A question to the 1976 United Presbyterian Church (UPC) General Assembly set off a burst of evangelical energy that peaked last month when the denomination’s top governing body said a loud “no” to the ordination of practicing homosexuals. The 1978 assembly, meeting in San Diego, California, voted overwhelmingly for a twelve-page committee report that included “definitive guidance” for New York City Presbytery, the UPC regional unit that had asked for direction concerning William Silver, a self-affirmed homosexual candidate for the ministry under its care. Out of the ensuing denominational discussion and uproar came communication and cooperation among evangelicals unprecedented in this generation.

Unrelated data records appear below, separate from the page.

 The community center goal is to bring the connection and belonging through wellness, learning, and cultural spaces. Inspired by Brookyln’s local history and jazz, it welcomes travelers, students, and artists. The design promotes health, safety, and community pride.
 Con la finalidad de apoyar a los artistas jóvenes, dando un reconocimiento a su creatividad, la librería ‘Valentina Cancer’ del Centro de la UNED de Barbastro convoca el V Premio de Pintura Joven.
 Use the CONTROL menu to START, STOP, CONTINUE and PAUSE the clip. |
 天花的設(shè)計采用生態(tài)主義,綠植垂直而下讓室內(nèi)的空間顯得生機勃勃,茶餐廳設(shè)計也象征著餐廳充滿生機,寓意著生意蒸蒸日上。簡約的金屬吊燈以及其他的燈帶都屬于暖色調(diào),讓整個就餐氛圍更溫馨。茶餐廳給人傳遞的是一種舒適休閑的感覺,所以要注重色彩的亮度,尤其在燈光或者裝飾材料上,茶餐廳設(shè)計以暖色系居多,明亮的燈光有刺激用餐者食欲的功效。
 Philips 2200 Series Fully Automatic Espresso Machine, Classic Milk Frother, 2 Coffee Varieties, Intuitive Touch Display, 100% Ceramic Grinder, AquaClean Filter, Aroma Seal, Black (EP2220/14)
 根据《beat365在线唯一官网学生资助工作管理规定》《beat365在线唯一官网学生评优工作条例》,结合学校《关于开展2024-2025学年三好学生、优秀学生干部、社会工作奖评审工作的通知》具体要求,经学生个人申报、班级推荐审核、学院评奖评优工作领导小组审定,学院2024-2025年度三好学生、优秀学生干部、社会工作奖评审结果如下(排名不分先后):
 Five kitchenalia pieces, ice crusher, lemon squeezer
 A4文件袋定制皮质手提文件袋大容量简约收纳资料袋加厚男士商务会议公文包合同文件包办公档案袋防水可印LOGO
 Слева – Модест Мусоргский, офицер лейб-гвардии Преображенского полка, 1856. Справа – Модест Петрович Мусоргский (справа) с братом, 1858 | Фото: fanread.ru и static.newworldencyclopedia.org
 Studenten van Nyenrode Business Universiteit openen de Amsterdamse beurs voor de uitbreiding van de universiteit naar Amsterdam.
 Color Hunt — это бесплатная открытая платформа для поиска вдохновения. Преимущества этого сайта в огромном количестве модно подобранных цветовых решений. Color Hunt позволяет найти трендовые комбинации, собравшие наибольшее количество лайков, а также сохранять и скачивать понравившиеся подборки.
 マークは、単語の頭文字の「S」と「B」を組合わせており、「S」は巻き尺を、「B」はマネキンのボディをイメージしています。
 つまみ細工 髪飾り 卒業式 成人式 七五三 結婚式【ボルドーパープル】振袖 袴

“On the basis of our understanding that the practice of homosexuality is sin,” said the assembly’s pronouncement, “we are concerned that homosexual believers and the observing world should not be left in doubt about the church’s mind on this issue [any longer].” The majority of the 650 commissioners (delegates) said in the document that dialogue and study of the issue should continue but that ordination of unrepentant homosexuals as church leaders should not be allowed.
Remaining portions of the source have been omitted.